Each line of the listing below must be retyped exactly, with images left out.

● SOURCE DATA:
'''
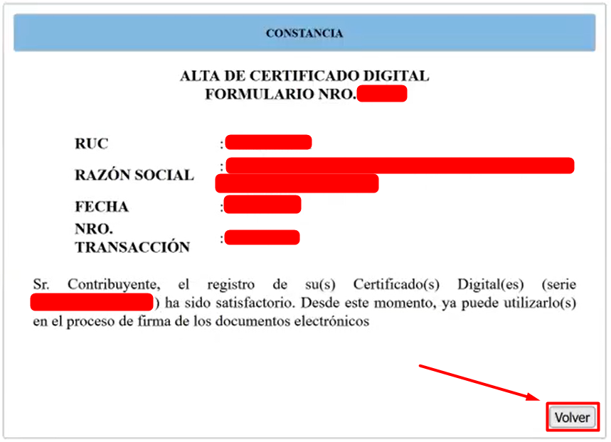 - PASO 16: El sistema mostrar谩 una constancia de Alta de Certificado Digital, haz clic en el bot贸n Volver.
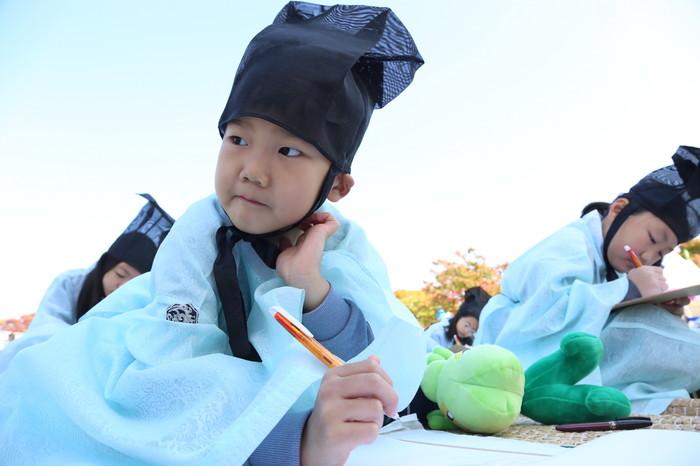 ▲ 지난해 열린 '과거시 경연대회'에 참가한 한 아이가 골똘히 생각하고 있는 모습. (사진제공=구로구청) |
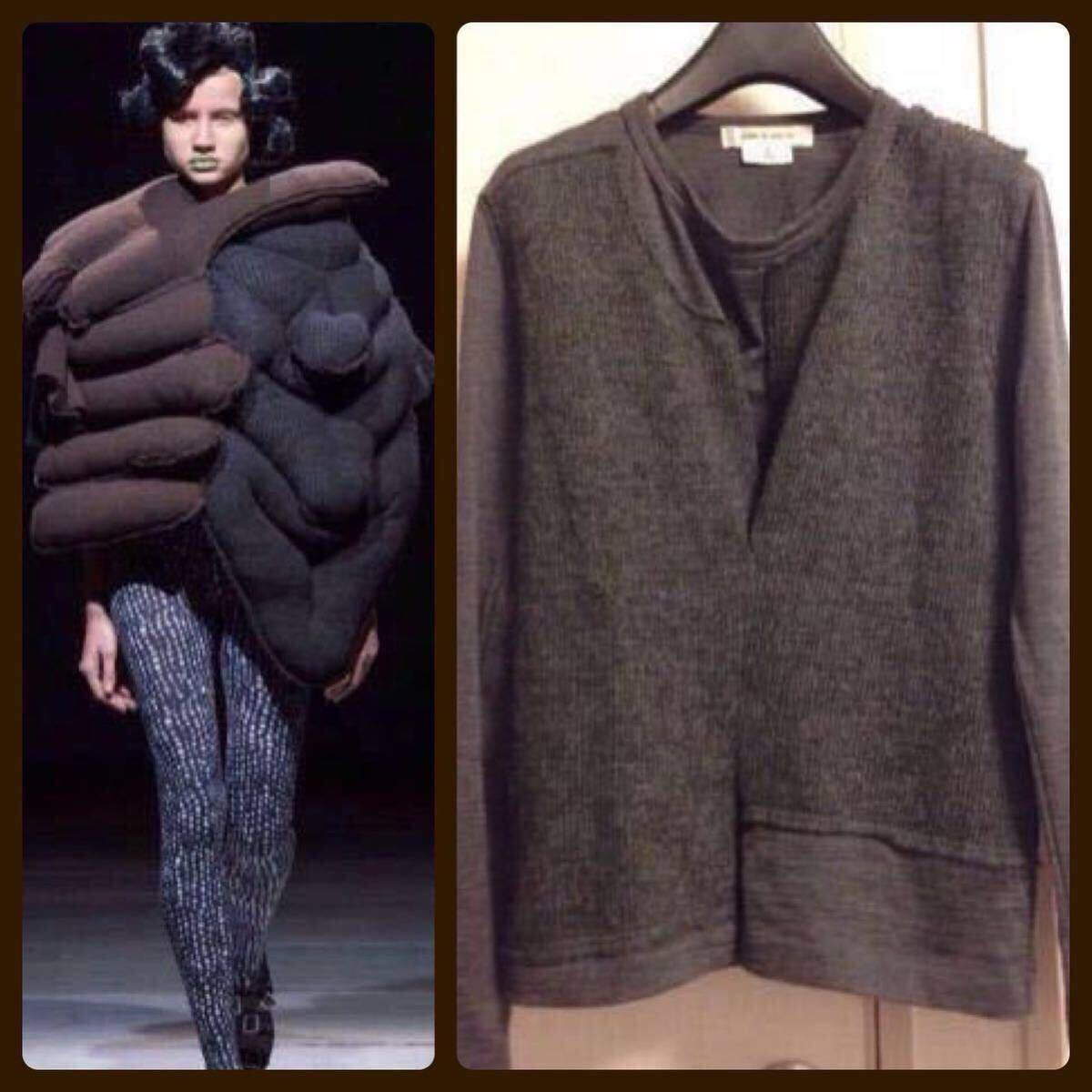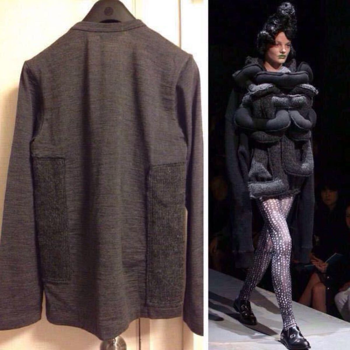 複雑に組み合わされたドッキングニットがとてもコムデギャルソンらしく、2014コレクションの特徴的な変形フォルムを見事に日常着用可能なデザインへと落し込んでいます。
'''
● ANSWER TO THE EXERCISE:
 - PASO 16: El sistema mostrar谩 una constancia de Alta de Certificado Digital, haz clic en el bot贸n Volver.
 ▲ 지난해 열린 '과거시 경연대회'에 참가한 한 아이가 골똘히 생각하고 있는 모습. (사진제공=구로구청) |
 複雑に組み合わされたドッキングニットがとてもコムデギャルソンらしく、2014コレクションの特徴的な変形フォルムを見事に日常着用可能なデザインへと落し込んでいます。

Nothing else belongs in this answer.